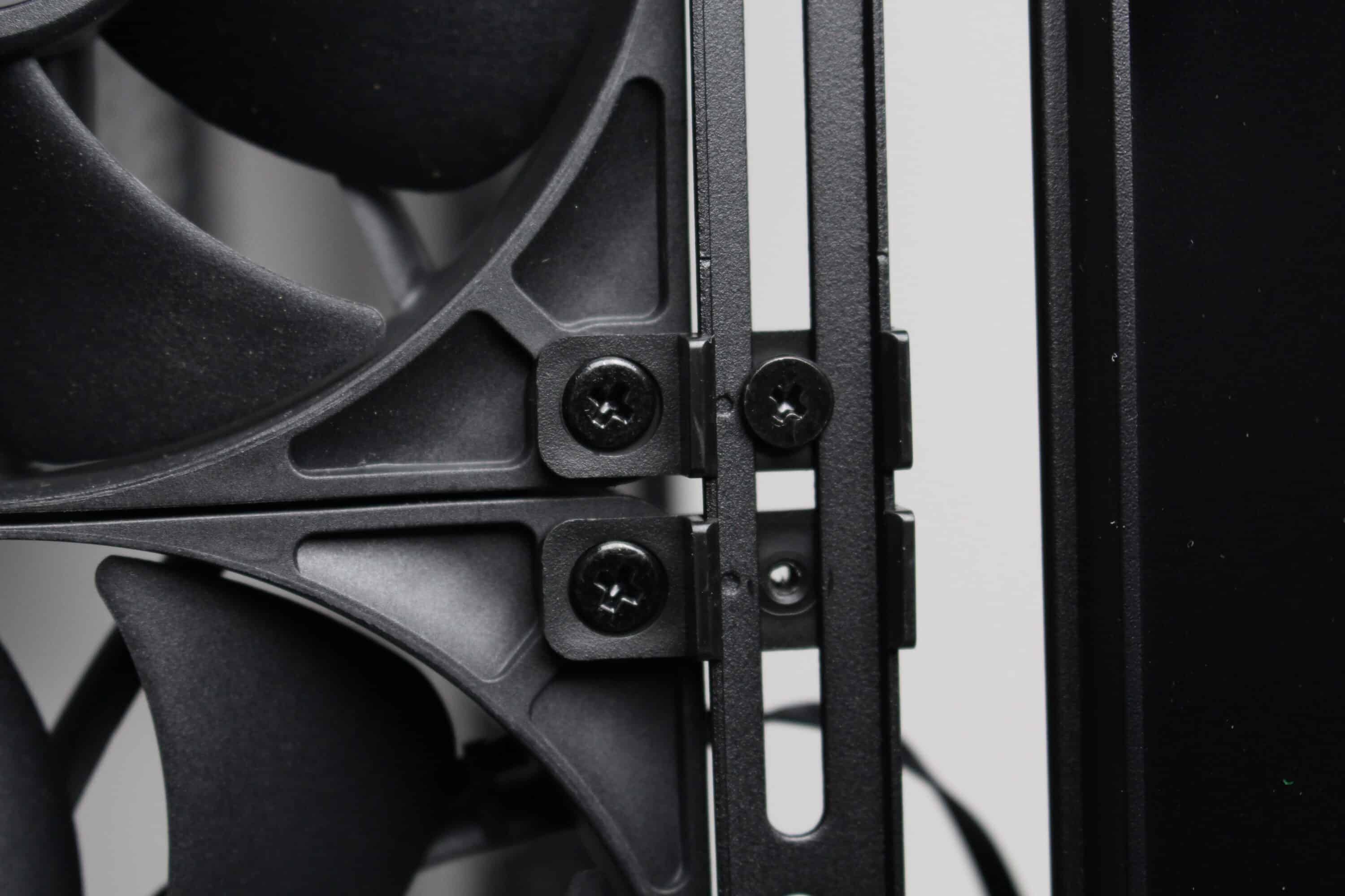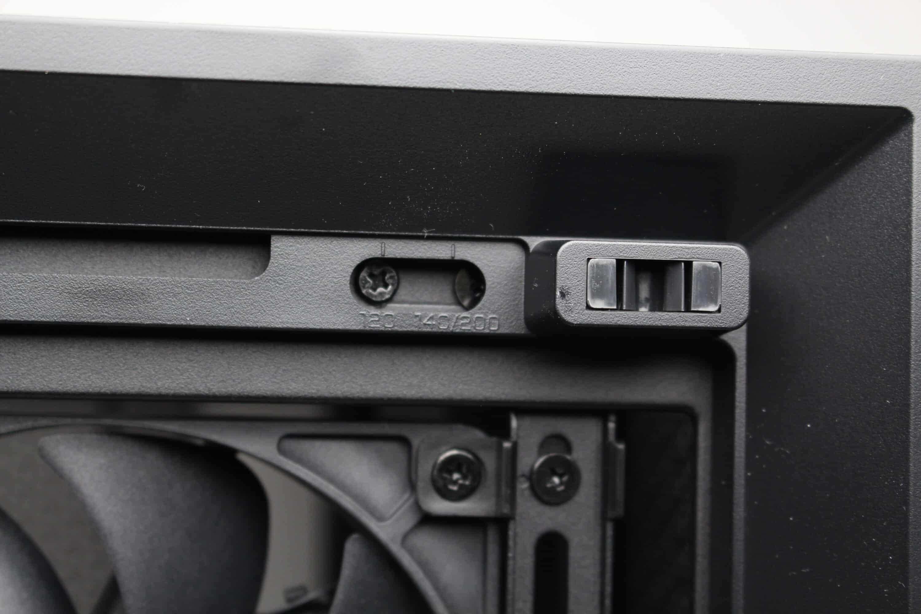 Corsair advertises the Frame 4000D with the Infinirail system, among other things. This is an implementation of mounting rails that can be moved with the help of a few screws. This allows three 120 mm, two 140 mm, two 160 mm or even two 200 mm fans to fit into the front of this midi tower without the need for numerous holes or brackets or steel elements interfering with the airflow. In addition, plastic clips allow the case fans to be mounted on the mounting rails in any position.
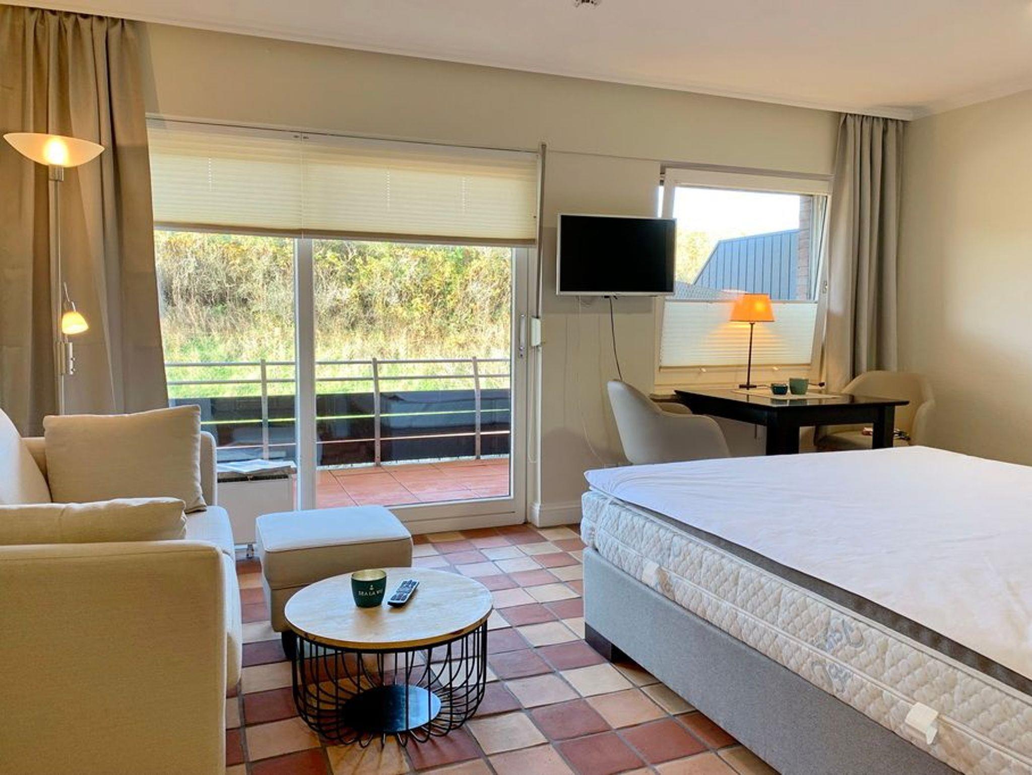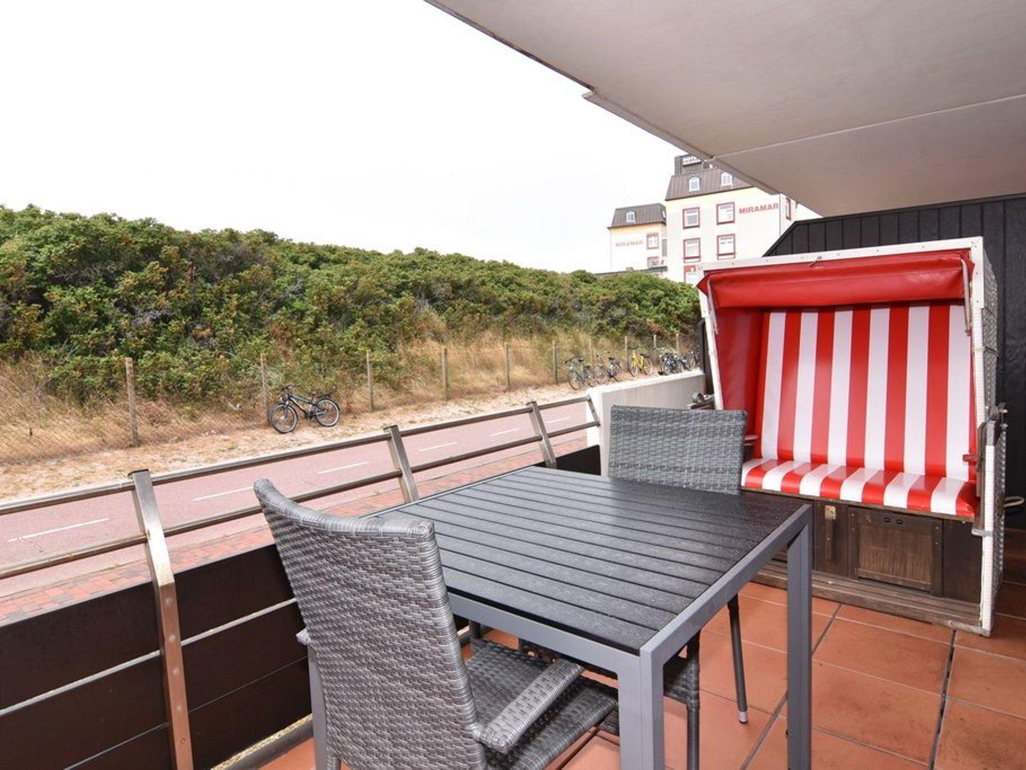 Modernes 1-Zimmer-Apartment mit Westbalkon und Strandkorb nur 50 m vom Strand in Westerland auf Sylt.
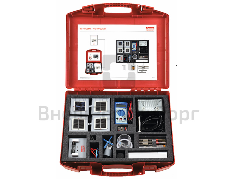 Комплект содержит оборудование для выполнения экспериментов по изучению процесса преобразования солнечной энергии в электрическую.
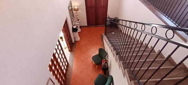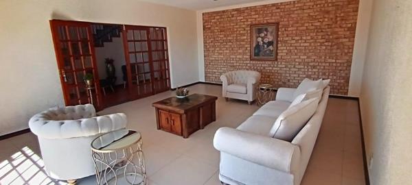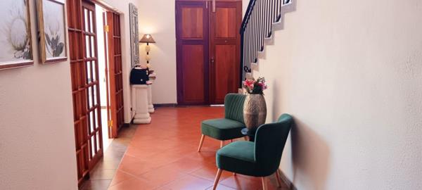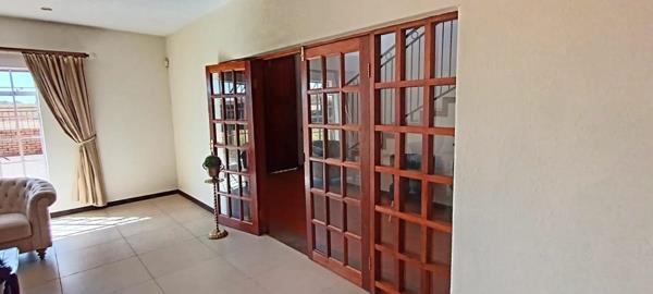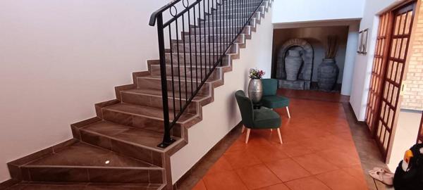 Enter through the impressive hallway, where high ceilings and an open floor plan create a sense of grandeur. A staircase with custom made balustrades serves as a stunning focal point. The multiple very spacious living areas creates a warm and inviting space. High-quality tiled flooring and designer light fixtures add to the rooms elegance.
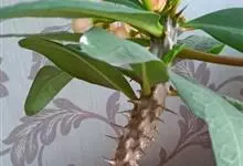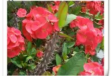 虎刺梅:别称铁海棠,是蔓生灌木植物。茎多分枝,长60-100厘米,直径5-10毫米,具纵棱,密生硬而尖的锥状刺,刺长1-1.5厘米,直径0.5-1.0 毫米,常呈3-5列排列于棱脊上,呈旋转。叶互生…全部>>
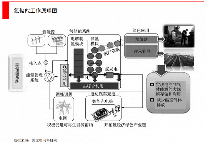 氫儲(chǔ)能:目前爭議還很大的一種技術(shù)路徑。工作邏輯是通過電解水制氫,將多余的電能轉(zhuǎn)化為氫能儲(chǔ)存起來。氫作為儲(chǔ)能介質(zhì),還可以直接用于燃料電池。但目前大規(guī)模制氫的技術(shù)還不夠成熟,能耗很高,以及配套的氫儲(chǔ)運(yùn)技術(shù)也不夠成熟,能利用氫能的場景也比較少。
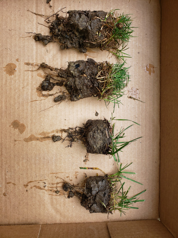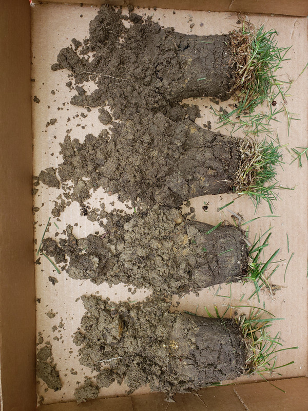 So in between rain drops, I took 2 core samples from my front yard which I've been religiously applying humic acid (Humic DG, Air8 and Humic 12) since January and 2 cores from my side and back yard which I haven't touched.
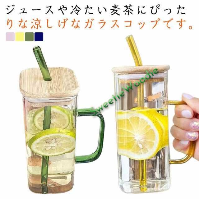 持ち手 蓋付き 耐熱 冷温両用 大容量 直飲み おしゃれ お酒 ティーカップ ボルト 麦茶コップ 400ml 直飲み ストロー付 おしゃれ ガラスコップ コーヒーカップ マグカップ ハンドル付き 竹製蓋 クリア コーヒー 紅茶 シンプル マグボトル
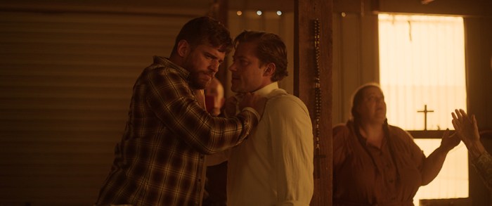 When I saw the character brief and the real-life person they were basing this Daniel James King character on, I said, “I know this guy!” Tim grew up in a very unique religious situation. He also had the same eyes as this person. The subtleties that Tim brings to this role are incredible. He is obviously a very stunning, very fit man, but to watch him perform this role was extraordinary. He was very interactive with our beautiful congregation of zealots and featured extras. He’d talk with them about the process, share his ideas and thoughts, and tell them about his childhood and how it relates to what he was doing with this film. It was fascinating to watch. It really was one of those lightning-in-a-bottle things. We worked together previously on Red Billabong. I called Nick Kozakis at three a.m. saying, “I’ve got the guy for this role!” He’s great in this role, but the real-life experience he brings to it takes it to another level.
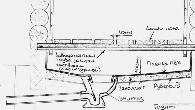 Прокладка сливной трубы из бани
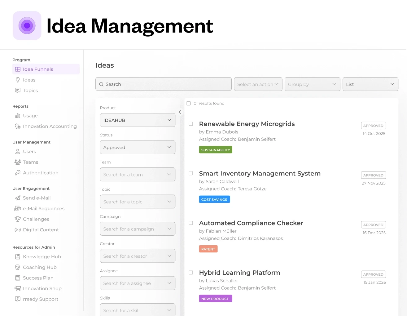 IDEAHUB - rready's established idea management tool - serves as the backbone of Swisscom's idea management process across B2B and B2C. The platform enables structured submission, evaluation, and prioritization of ideas while ensuring full transparency across the idea lifecycle. Through close collaboration, the idea management platform has been aligned with Swisscom's Lean philosophy and integrated seamlessly into existing systems via an API-first architecture. A modern, user-friendly interface lowers entry barriers and enables intuitive adoption among employees.
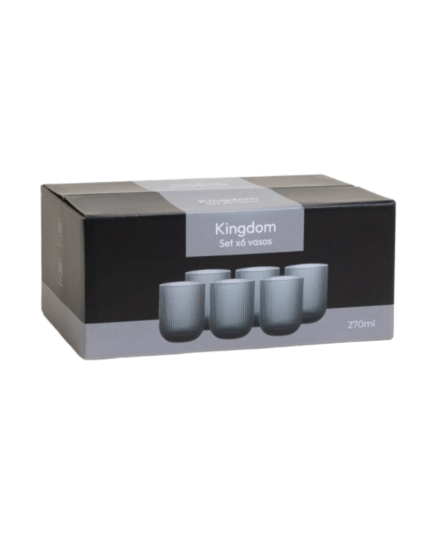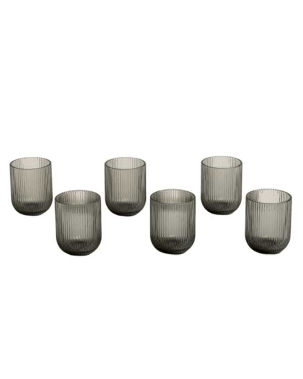 Set de vasos bajos de vidrio prensado color fume, con diseño de rayas verticales.

════════════════

Give back every record above word for word, dropping pictures.

 Corsair advertises the Frame 4000D with the Infinirail system, among other things. This is an implementation of mounting rails that can be moved with the help of a few screws. This allows three 120 mm, two 140 mm, two 160 mm or even two 200 mm fans to fit into the front of this midi tower without the need for numerous holes or brackets or steel elements interfering with the airflow. In addition, plastic clips allow the case fans to be mounted on the mounting rails in any position.
 Modernes 1-Zimmer-Apartment mit Westbalkon und Strandkorb nur 50 m vom Strand in Westerland auf Sylt.
 Комплект содержит оборудование для выполнения экспериментов по изучению процесса преобразования солнечной энергии в электрическую.
 Enter through the impressive hallway, where high ceilings and an open floor plan create a sense of grandeur. A staircase with custom made balustrades serves as a stunning focal point. The multiple very spacious living areas creates a warm and inviting space. High-quality tiled flooring and designer light fixtures add to the rooms elegance.
 虎刺梅:别称铁海棠,是蔓生灌木植物。茎多分枝,长60-100厘米,直径5-10毫米,具纵棱,密生硬而尖的锥状刺,刺长1-1.5厘米,直径0.5-1.0 毫米,常呈3-5列排列于棱脊上,呈旋转。叶互生…全部>>
 氫儲(chǔ)能:目前爭議還很大的一種技術(shù)路徑。工作邏輯是通過電解水制氫,將多余的電能轉(zhuǎn)化為氫能儲(chǔ)存起來。氫作為儲(chǔ)能介質(zhì),還可以直接用于燃料電池。但目前大規(guī)模制氫的技術(shù)還不夠成熟,能耗很高,以及配套的氫儲(chǔ)運(yùn)技術(shù)也不夠成熟,能利用氫能的場景也比較少。
 So in between rain drops, I took 2 core samples from my front yard which I've been religiously applying humic acid (Humic DG, Air8 and Humic 12) since January and 2 cores from my side and back yard which I haven't touched.
 持ち手 蓋付き 耐熱 冷温両用 大容量 直飲み おしゃれ お酒 ティーカップ ボルト 麦茶コップ 400ml 直飲み ストロー付 おしゃれ ガラスコップ コーヒーカップ マグカップ ハンドル付き 竹製蓋 クリア コーヒー 紅茶 シンプル マグボトル
 When I saw the character brief and the real-life person they were basing this Daniel James King character on, I said, “I know this guy!” Tim grew up in a very unique religious situation. He also had the same eyes as this person. The subtleties that Tim brings to this role are incredible. He is obviously a very stunning, very fit man, but to watch him perform this role was extraordinary. He was very interactive with our beautiful congregation of zealots and featured extras. He’d talk with them about the process, share his ideas and thoughts, and tell them about his childhood and how it relates to what he was doing with this film. It was fascinating to watch. It really was one of those lightning-in-a-bottle things. We worked together previously on Red Billabong. I called Nick Kozakis at three a.m. saying, “I’ve got the guy for this role!” He’s great in this role, but the real-life experience he brings to it takes it to another level.
 Прокладка сливной трубы из бани
 IDEAHUB - rready's established idea management tool - serves as the backbone of Swisscom's idea management process across B2B and B2C. The platform enables structured submission, evaluation, and prioritization of ideas while ensuring full transparency across the idea lifecycle. Through close collaboration, the idea management platform has been aligned with Swisscom's Lean philosophy and integrated seamlessly into existing systems via an API-first architecture. A modern, user-friendly interface lowers entry barriers and enables intuitive adoption among employees.
 Set de vasos bajos de vidrio prensado color fume, con diseño de rayas verticales.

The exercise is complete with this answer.